*** Collected material ***

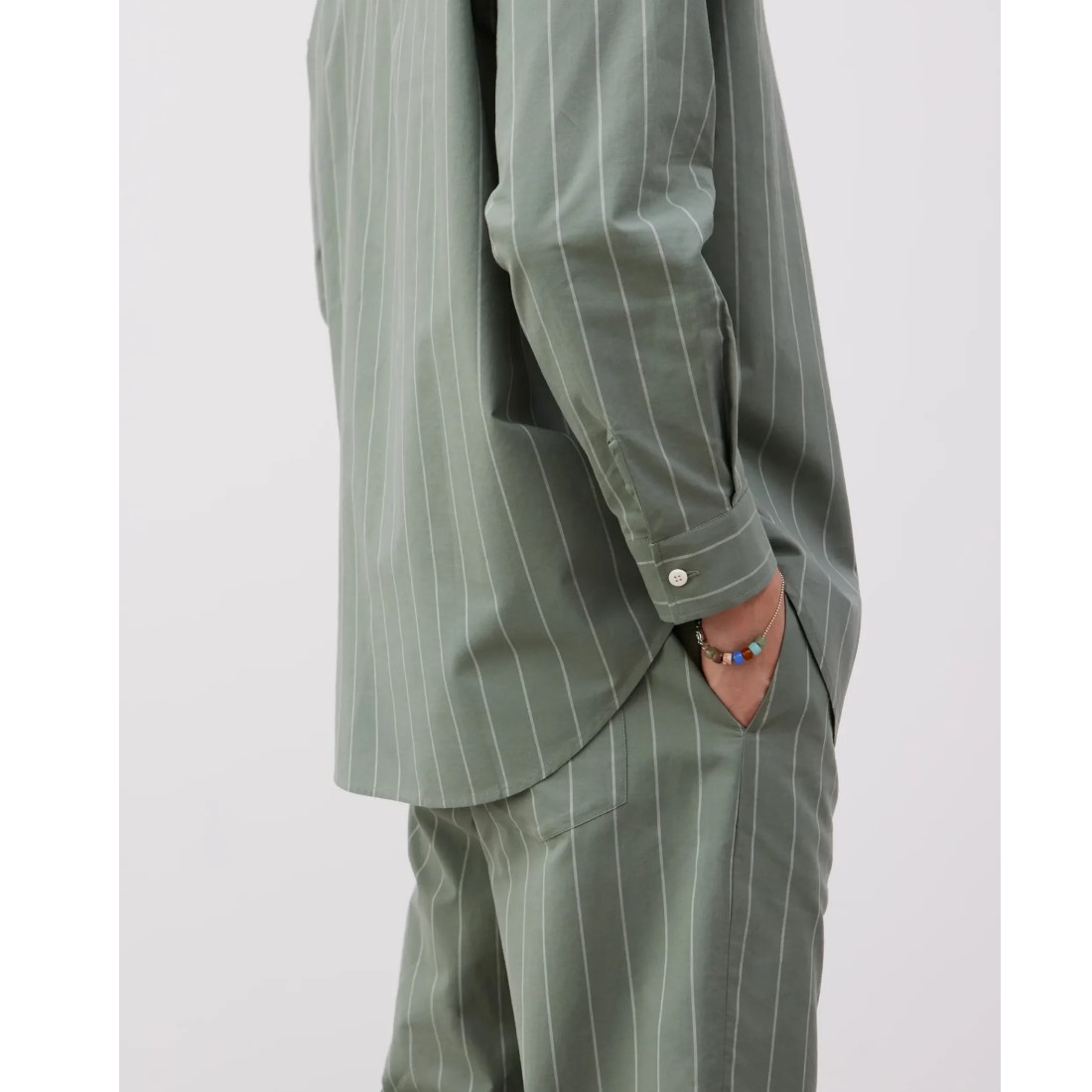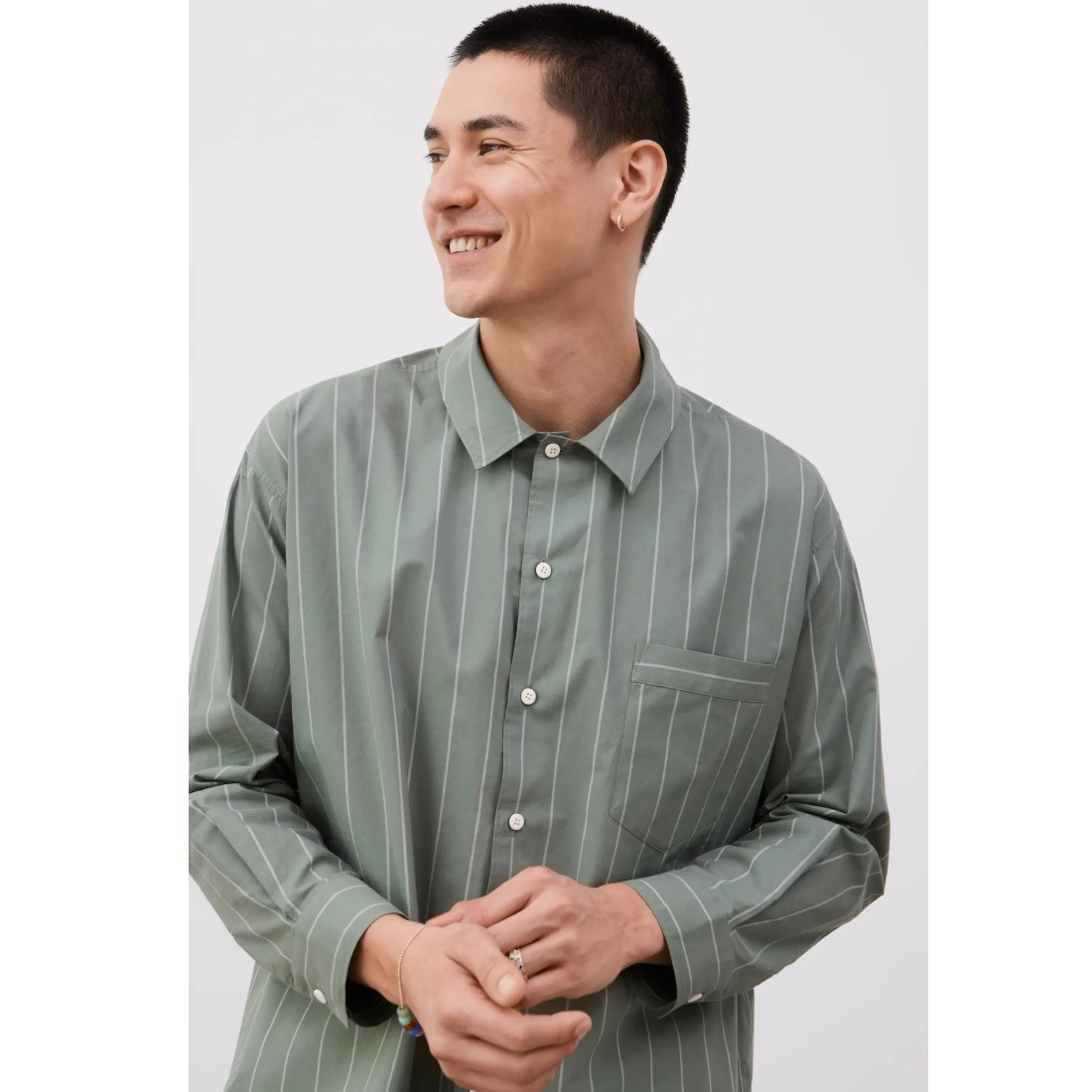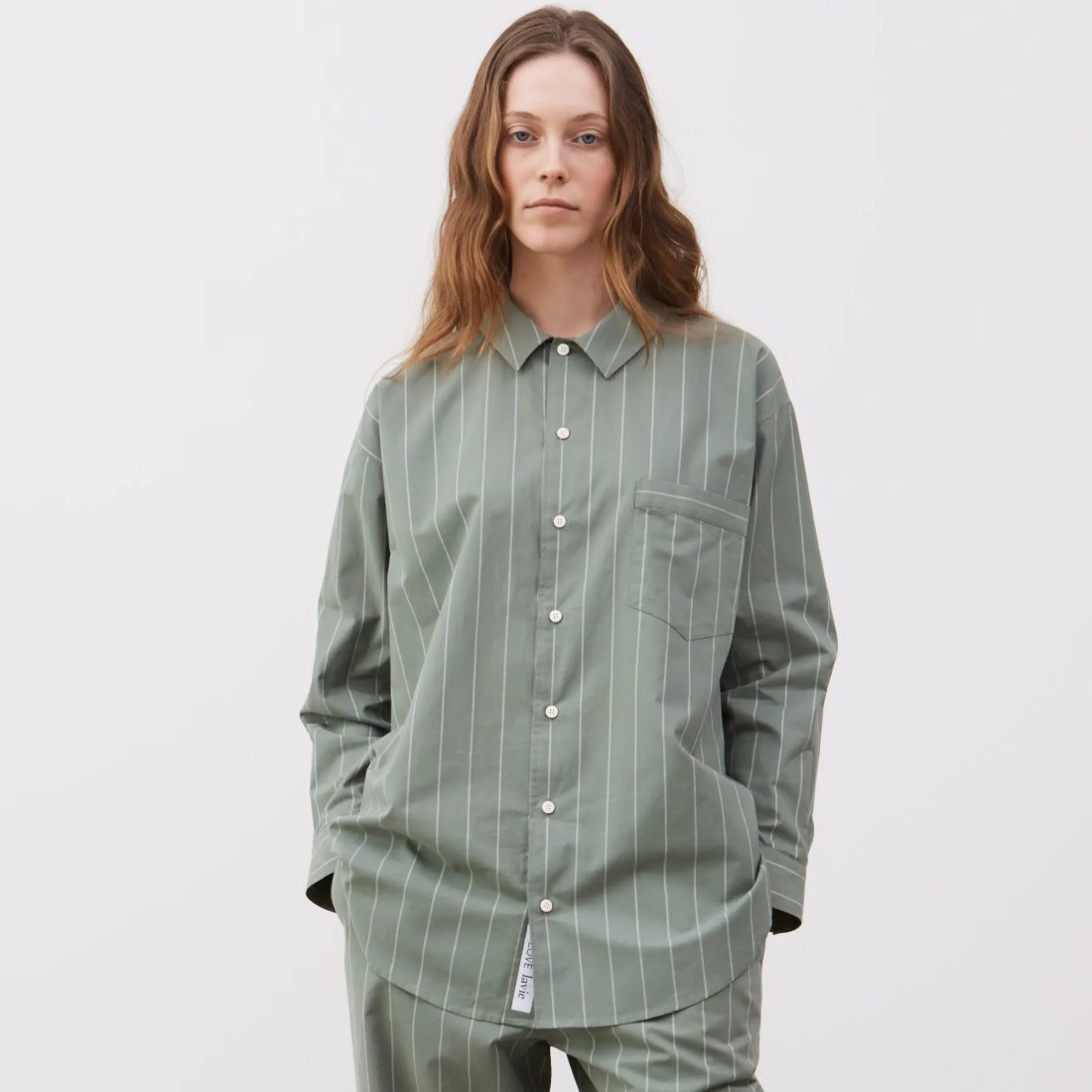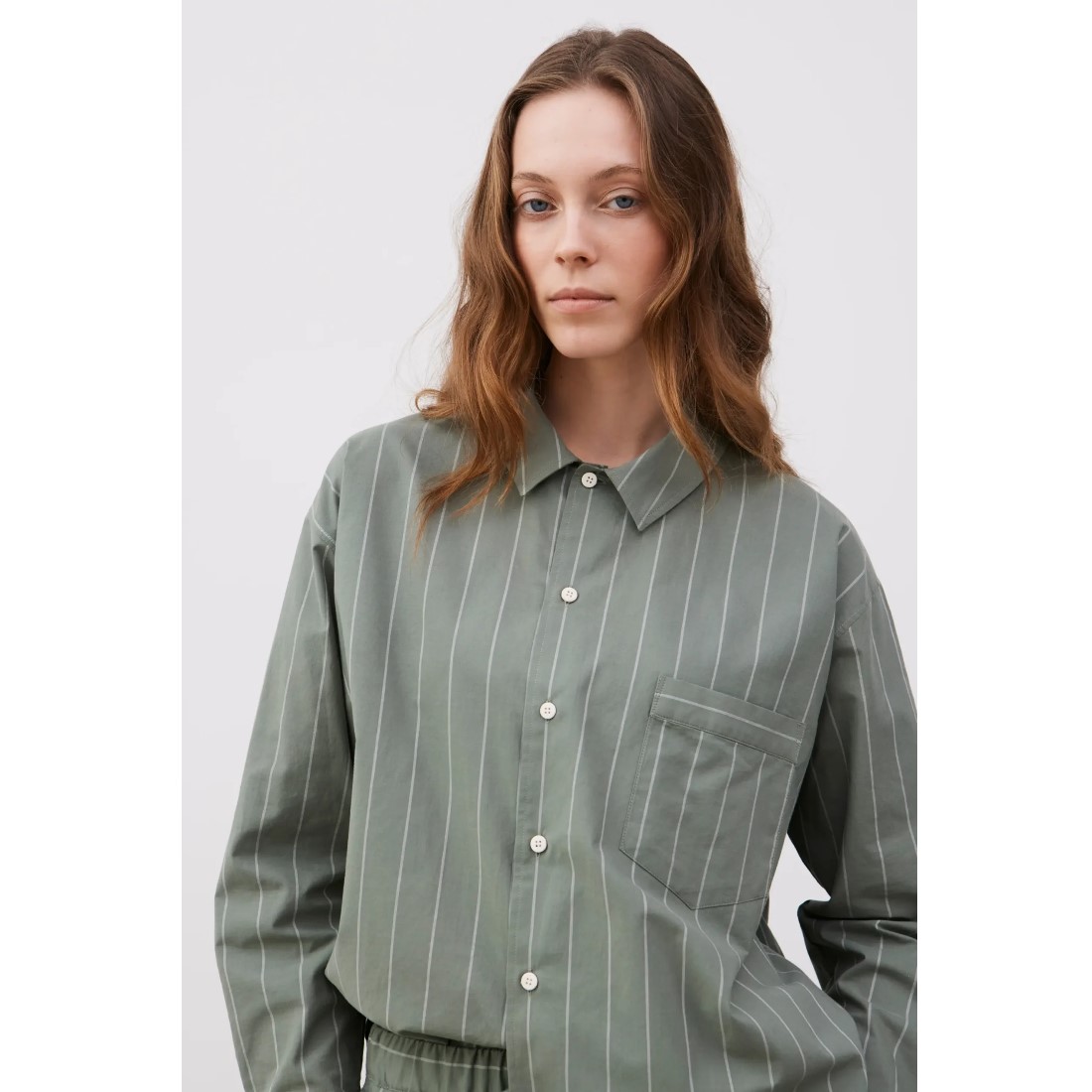 Das Oversize‑Shirt besteht aus garngefärbter Bio‑Baumwolle und trägt sich weich, atmungsaktiv und unkompliziert. Der feine Nadelstreifen verleiht dem Stoff eine ruhige, zeitlose Struktur, während der lockere Schnitt mit leicht überschnittener Schulter für Bewegungsfreiheit sorgt. Die aufgesetzte Brusttasche und die Knöpfe aus recycelten Baumwollfasern runden das Design natürlich ab.
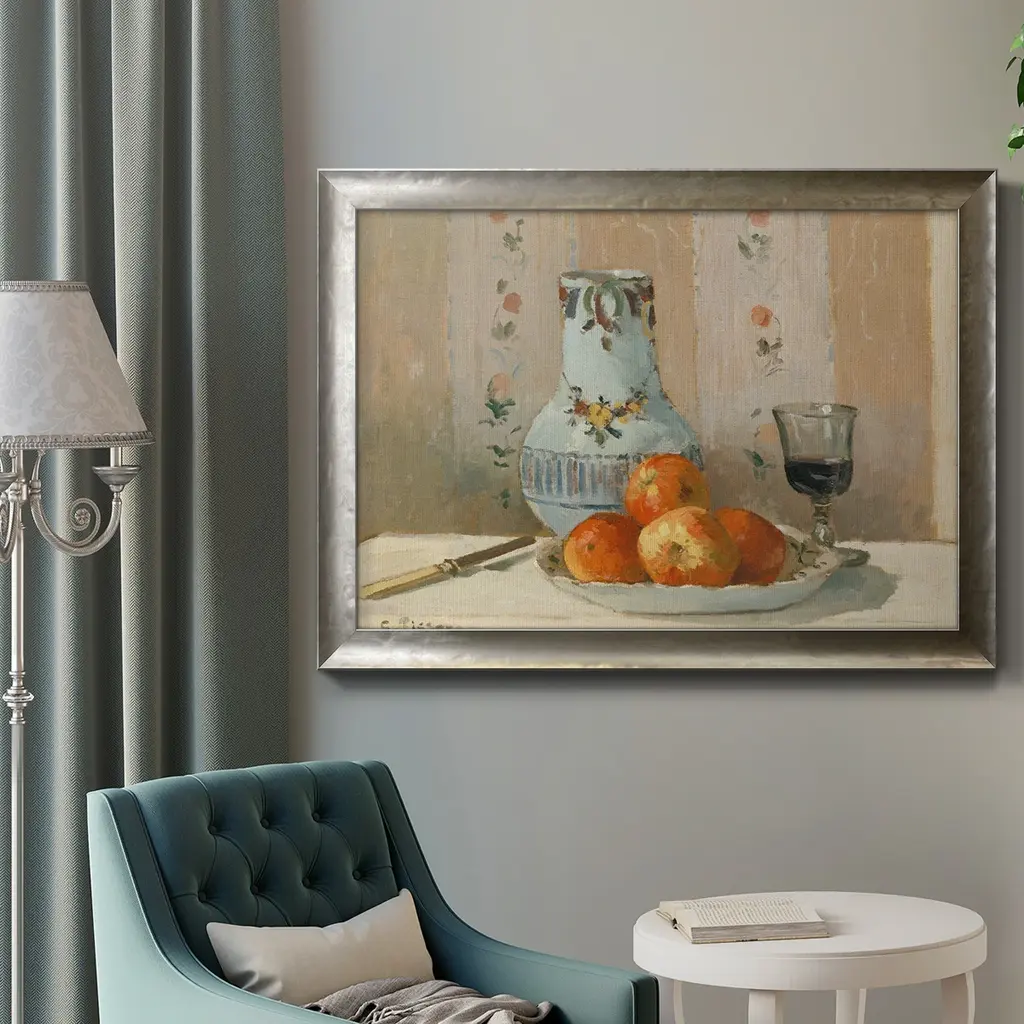 Still Life With Apples And Pitcher Premium Framed Canvas- Ready To Hang - 24x36 - Silver
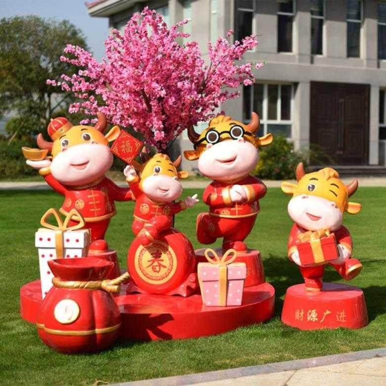 牛年中心大廳耐曬布景道具金店布置新年春節(jié)環(huán)境門口售樓裝飾主題
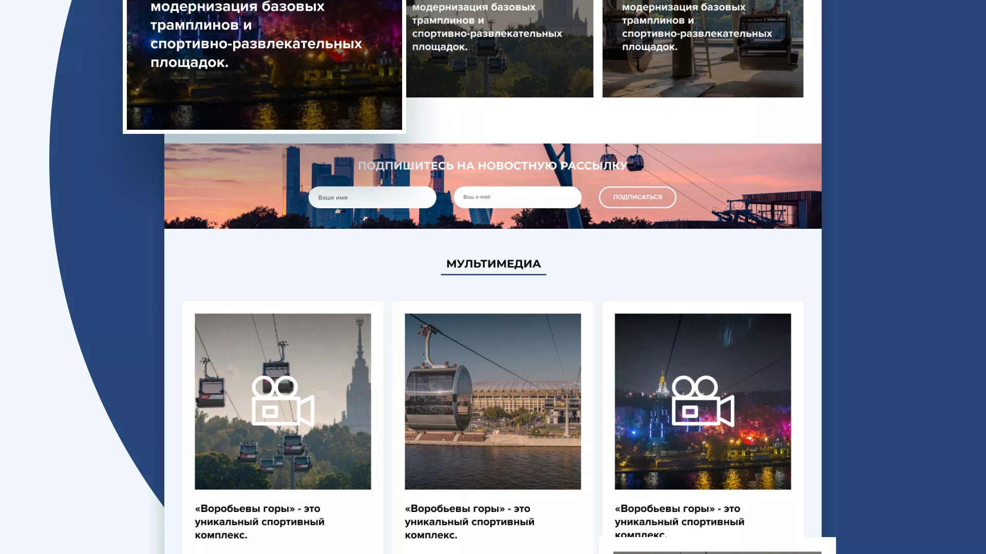 Разработка официального сайта в Рудне для спортивно-развлекательного комплекса «Воробьёвы горы».

***

# Exercise requirements
Your answer must contain the full data, repeated exactly, without pictures.

# Response below
 Das Oversize‑Shirt besteht aus garngefärbter Bio‑Baumwolle und trägt sich weich, atmungsaktiv und unkompliziert. Der feine Nadelstreifen verleiht dem Stoff eine ruhige, zeitlose Struktur, während der lockere Schnitt mit leicht überschnittener Schulter für Bewegungsfreiheit sorgt. Die aufgesetzte Brusttasche und die Knöpfe aus recycelten Baumwollfasern runden das Design natürlich ab.
 Still Life With Apples And Pitcher Premium Framed Canvas- Ready To Hang - 24x36 - Silver
 牛年中心大廳耐曬布景道具金店布置新年春節(jié)環(huán)境門口售樓裝飾主題
 Разработка официального сайта в Рудне для спортивно-развлекательного комплекса «Воробьёвы горы».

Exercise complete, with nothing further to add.